Leibniz, protestant luthérien n'eut de cesse de chercher à concilier les églises chrétiennes, protestantes et catholiques (Systema theologicum (1686)). Il rédige les confessio philosophi, la profession de foi du philosophe puis Essais de théodicée sur la bonté de Dieu, la liberté de l'homme et l'origine du mal pour argumenter contre les sceptiques de son époque et concilier foi et raison.

Whitehead, protestant, s'inscrit dans cette volonté de conciliation de la foi avec la raison. La religion tient donc une place importante dans l'oeuvre des deux philosophes.

Chez Whitehead, la sécularisation joue un rôle premier dans sa tentative de réformer la religion.

Il s'agit de comprendre pour quelles raisons, le monde moderne a perdu Dieu : l'opposition entre science et religion et l'attitude défensive des religieux expliquent le rejet de la religion. 24(*) Pour que le christianisme survive dans le monde moderne, il faut dépasser les contradictions religion-science.

« Nous devrions attendre, mais de façon ni passive, ni désespérée. La contradiction est un signe qu'il existe des vérités plus vastes et des perspectives plus fines desquelles émergera une réconciliation d'une religion plus profonde et d'une science plus subtile. » 25(*)

A l'instar de Leibniz qui considérait que la foi et la raison ne pouvait point se contredire car c'était les deux sources d'une même vérité, Whitehead envisage comme apparente la contradiction entre science et religion, il est nécessaire qu'elles convolent pour contribuer à une vision du monde plus riche puisqu'elles constituent les deux plus grandes forces générales qui influencent les hommes.

Cela dit, tandis que Leibniz entreprend de concilier la vérité révélée avec la vérité rationnelle, Whitehead promeut une évolution de la religion. Elle doit se réformer et accepter le changement pour rester vivante et ne pas se figer.

« Le progrès de la science doit entrainer la codification incessante de la pensée religieuse, au grand avantage de la religion. » 26(*)

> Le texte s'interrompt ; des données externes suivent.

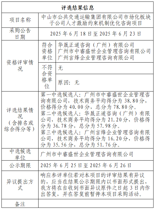 中山市公共交通运输集团有限公司市场化板块子公司人才激励约束机制优化咨询项目评选结果公示
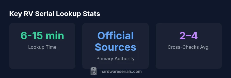 RV serial number lookup is more than checking a VIN; it encompasses locating and verifying the unit’s unique identifiers across physical plates, documents, and official databases to confirm identity, origin, and history. In this context, RVs include motorhomes, travel trailers, and fifth wheels that carry either a vehicle VIN or a manufacturer serial. According to Hardware Serials, the most reliable lookups start with a primary identifier (VIN for motorized units or a factory serial for non-motorized units), then cross-reference with registration, insurance, owner manuals, and recall data. A robust lookup reduces the risk of purchasing a salvaged or tampered unit and helps confirm warranty eligibility and service history. Understanding the scope of lookup helps you decide which data sources to consult and in what order. The process applies to both DIYers and professionals who evaluate RVs for resale, service planning, or insurance. The rest of this article covers sources, workflows, potential pitfalls, and best practices to improve accuracy.
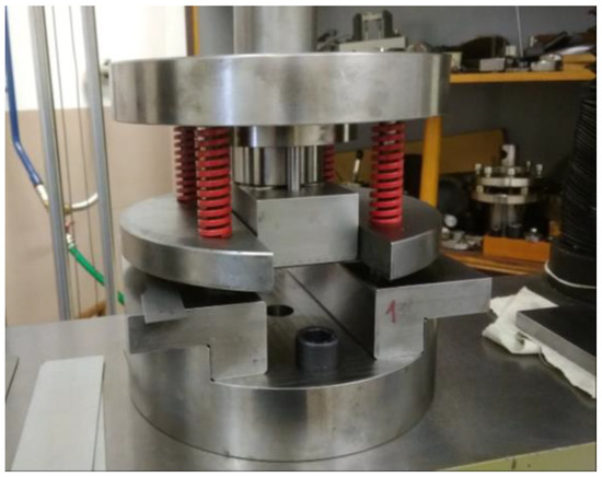 The bending tool designed for springback investigation is positioned in the TIRAtest2300 machine.
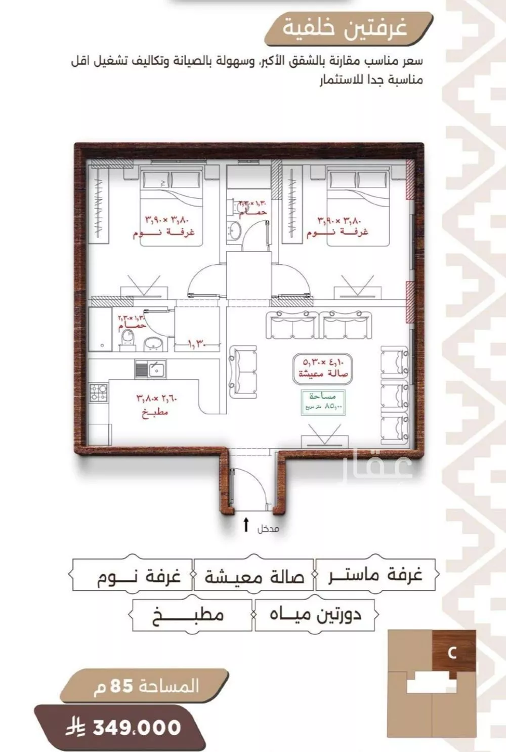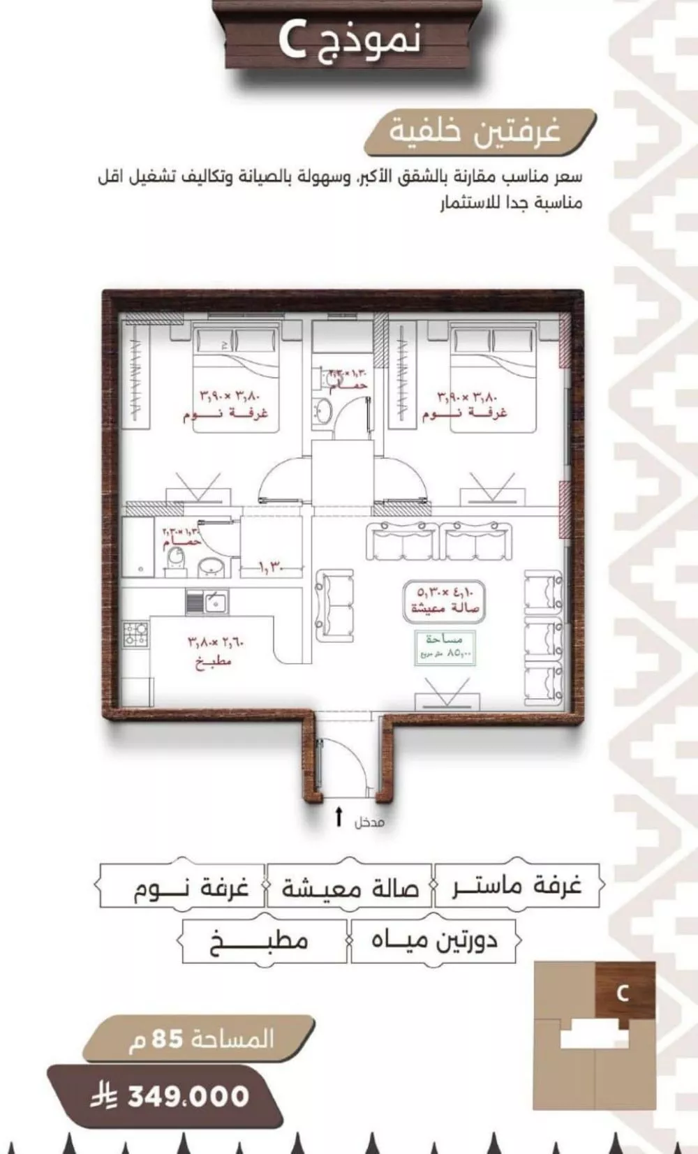 | 1 BR | 850,000 | 800,000–900,000 | 2 |
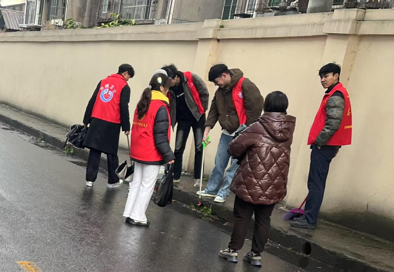 活动开始,志愿者们迅速冒雨集结,随即分成清洁、交通指挥两组,奔赴各自岗位。清洁小组手持扫帚、铲子和垃圾袋,仿若专业环保人员,在社区内忙碌穿梭。他们迅速清理街边堆积的杂物和散落的垃圾,仔细搜寻角落的烟头,在花坛区域,俯身用夹子夹取烟头、纸屑等各类垃圾,并拔除杂草。尽管雨水打湿衣衫,他们依旧专注投入。随着清扫工作推进,阳光穿透云层,为打造整洁社区增添助力。
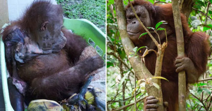 猩猩遭電擊「失去雙臂」 被人類救活「靠雙腿」成為明星榜樣!
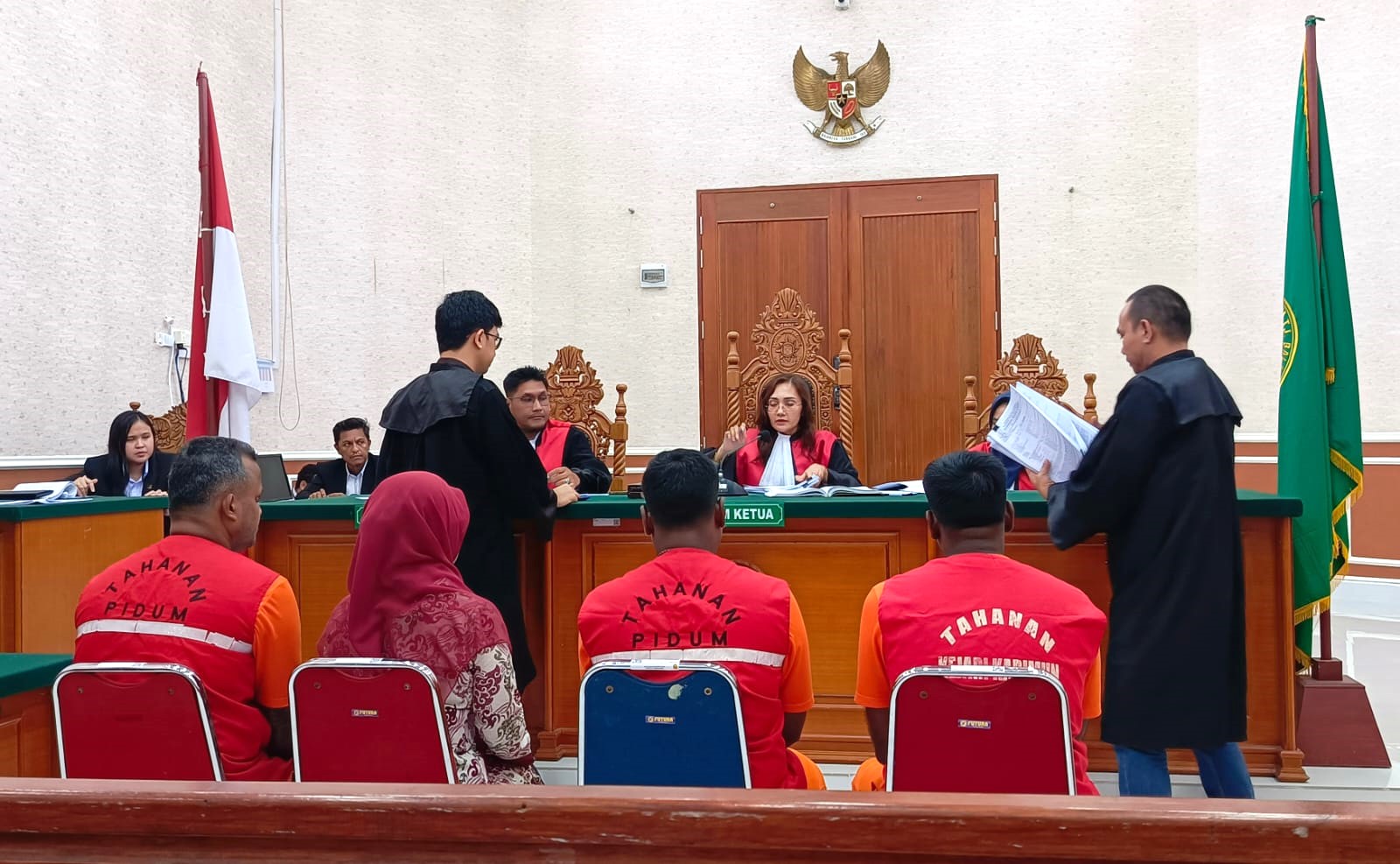 Suasana persidangan, agenda pembacaan tuntutan tiga terdakwa penyelundup 106 Kg narkoba jenis sabu | Foto: Rian

Elle doit aussi suivre la psychologie des civilisations. Autrefois, le règne des passions l'emportait sur la raison, la religion s'adaptait à cet état de fait et suscitait la crainte chez ses dévots. L'avènement de la science a renversé les choses, elle va vers davantage de rationalisation et atténue la crainte de l'avenir, dès lors, la religion devient désuète car elle ne colle plus avec les aspirations des civilisations modernes, elle doit se réformer et s'adapter à la psychologie moderne. C'est pour cela que Whitehead définit la religion comme l'idéal ultime de la quête désespérée de l'homme, une aventure de l'esprit, c'est la vie intérieure de l'homme.

Leibniz est conciliateur puisqu'il juge que la révélation est rationnelle même si elle dépasse notre entendement tandis que Whitehead est réformateur. Le contexte historique n'est pas le même mais les aspirations sont identiques. Leibniz s'inquiétait de la montée du scepticisme, de l'incroyance à son époque et il souhaitait renforcer les bases de la religion chrétienne. Whitehead, également, désirait solidifier les bases du christianisme pour éviter sa disparition.

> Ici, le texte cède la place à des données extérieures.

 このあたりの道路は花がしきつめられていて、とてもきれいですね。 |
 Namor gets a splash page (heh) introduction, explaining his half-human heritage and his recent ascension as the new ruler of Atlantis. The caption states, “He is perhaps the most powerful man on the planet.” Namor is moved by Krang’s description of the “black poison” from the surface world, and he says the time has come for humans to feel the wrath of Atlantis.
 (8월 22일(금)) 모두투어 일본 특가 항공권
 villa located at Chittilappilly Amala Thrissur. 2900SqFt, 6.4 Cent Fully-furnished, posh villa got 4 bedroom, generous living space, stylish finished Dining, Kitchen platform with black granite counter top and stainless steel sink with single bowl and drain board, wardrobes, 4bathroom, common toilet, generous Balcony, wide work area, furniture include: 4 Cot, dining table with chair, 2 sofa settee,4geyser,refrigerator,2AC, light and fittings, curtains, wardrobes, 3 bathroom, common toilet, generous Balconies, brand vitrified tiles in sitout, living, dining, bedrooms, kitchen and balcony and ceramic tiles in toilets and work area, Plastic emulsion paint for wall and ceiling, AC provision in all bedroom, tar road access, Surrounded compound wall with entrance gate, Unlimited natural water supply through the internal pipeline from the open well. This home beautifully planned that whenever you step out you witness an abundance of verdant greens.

Le christianisme tient une place importante dans la pensée de ses deux philosophes au point que chacun considère que son système métaphysique concorde avec les enseignements du christianisme. Whitehead déclare dans son ouvrage Religion Manking que les deux religions qui concordent avec ses principes métaphysiques sont le bouddhisme et le christianisme tandis que Leibniz affirme dans l'article 37 du Discours Métaphysique que Jésus est celui qui exprime le mieux les vérités exposées de sa doctrine métaphysique en les dévoilant aux hommes.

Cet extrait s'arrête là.